We don’t always eat like this at the homestead. But I got a sale on Jumbo Lump crab meat and we decided to do a little surf & turf this past weekend. We grilled a little steak and split it three ways, made some killer corn on the cob, and I made a delicious tomato salad (that’s another recipe for another day).
And I went to work on my crab cake recipe.
The first rule about making a good crab cake is to start with the best crab meat you can afford. The better the crab, the less you need herbs and seasonings to bring out the goodness. Starting with Jumbo Lump crab meant that we didn’t need a lot extra. But I only used this because I got a great deal. Normally, it’s way over my budget.
1 Pound of crab meat
1 Teaspoon celery salt
1/2 Teaspoon pepper
1 Tablespoon seafood seasoning (like Old Bay seasoning)

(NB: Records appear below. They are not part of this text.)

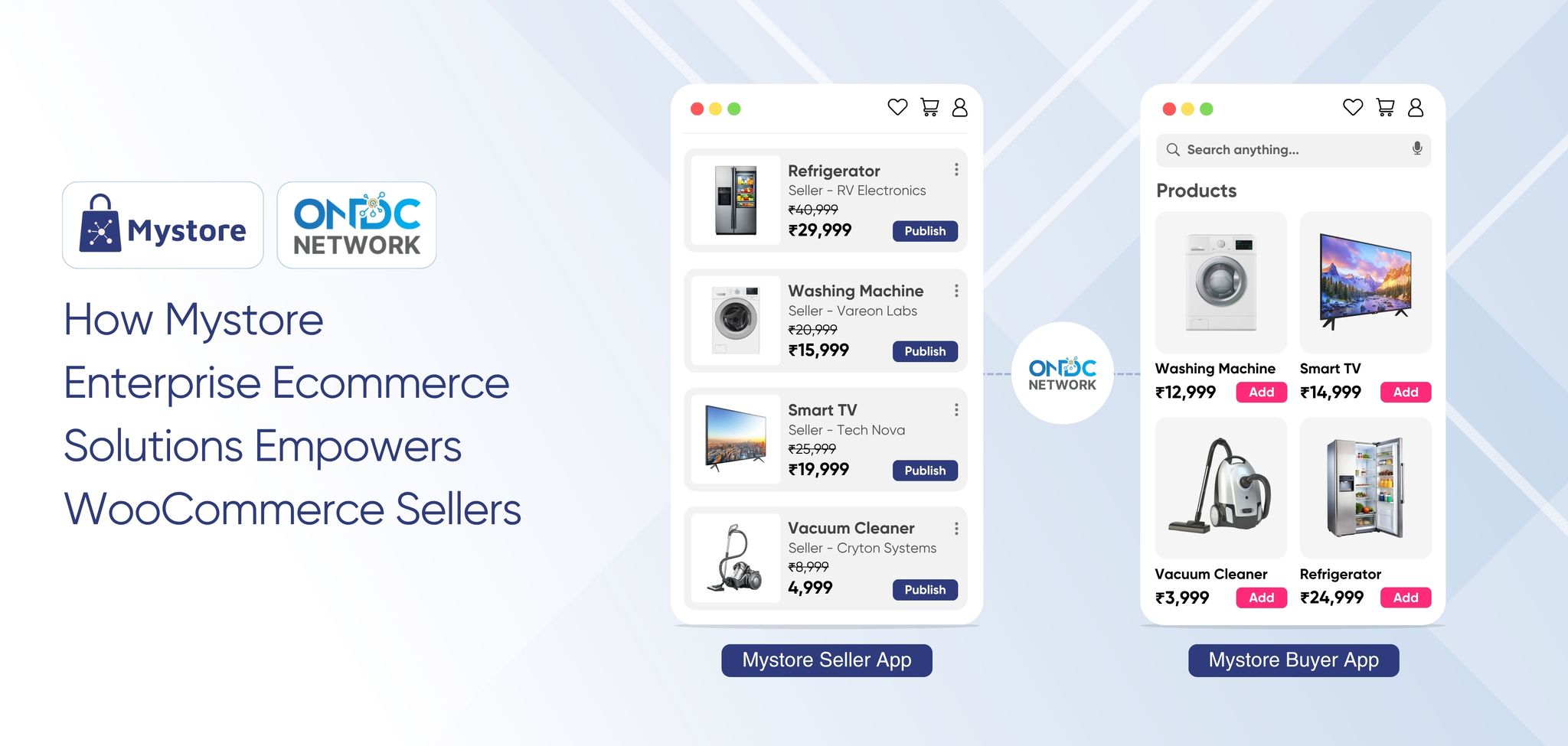 MystoreMystore® is an ONDC connected marketplace built in India for Indian sellers. Mystore is the first ONDC network participant to connect as a Buyer and Seller NP.  You can register as a seller on Mystore and upload your catalogue. You will have a dedicated Seller page (digi-catalog) along with a Unique QR Code for your page that you can market to your buyers. Your catalogue will also appear on the ONDC network through the Mystore Buyer App and other buyer apps catering to related product domains. Mystore provides a comprehensive seller dashboard to manage your products, orders, and payouts. Mystore also facilitates seamless online shopping across categories with its Mystore Buyer App.https://www.mystore.in/s/62ea2c599d1398fa16dbae0a/66defda954ce55002beebf8c/mystore-logo-480x480.png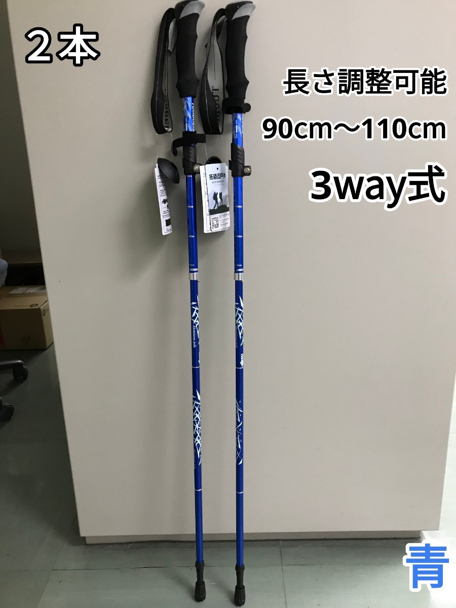 - 残りわずか 新品 2本セット 3way 登山 ウォーキング 軽量 トレッキングポール ストック 青 アルミ製 調整可能 即購入OK 【※値下げ不可】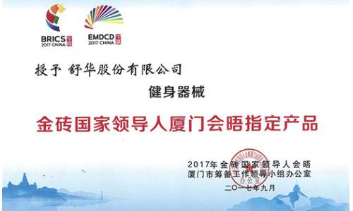 2017年,球王会体育健身器材入驻厦门金砖国家领导人会晤,并成为厦门金砖会晤指定健身器械。X6豪华智能家用跑步机荣获中国好设计金奖。 2017, Shuhua fitenss equipment presented itself in Xiamen as the designated fitness equipmentof Xiamen BRICS summit. X6 luxurious home use treadmill won gold award of China Good Design.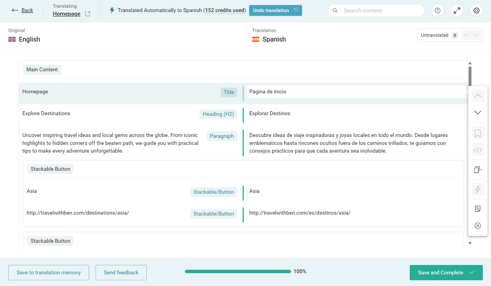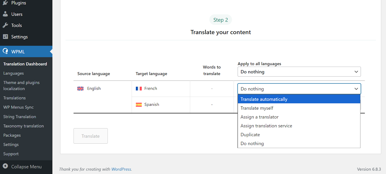 Once enabled, WPML will translate all your website content, and will automatically update translations whenever you edit the original content.

1 Tablespoon fresh parsley
2 Tablespoons mustard (in this case, we used one tablespoon of regular mustard and one tablespoon of the spicy brown stuff)
About a handful of seasoned bread crumbs
Mix everything except the crab meat… then fold in the crab gently. Once everything is together, form the crab cakes by hand and place them on a cooking sheet. Then cook at 375 degrees (farenheit) for about 20-25 minutes. About long enough to heat everything through, and get a bit of a brown crust on top.
Once on the plate, feel free to sprinkle a little lemon juice on top. Like many other seafood dishes, feel free to enjoy with either cocktail sauce or tartar sauce.
Total estimated carb count in each crab cake: 8 grams (only in the bread crumbs, really)
Carb counts are estimates only. Check with a registered dietician to find out what a healthy carb count is for you.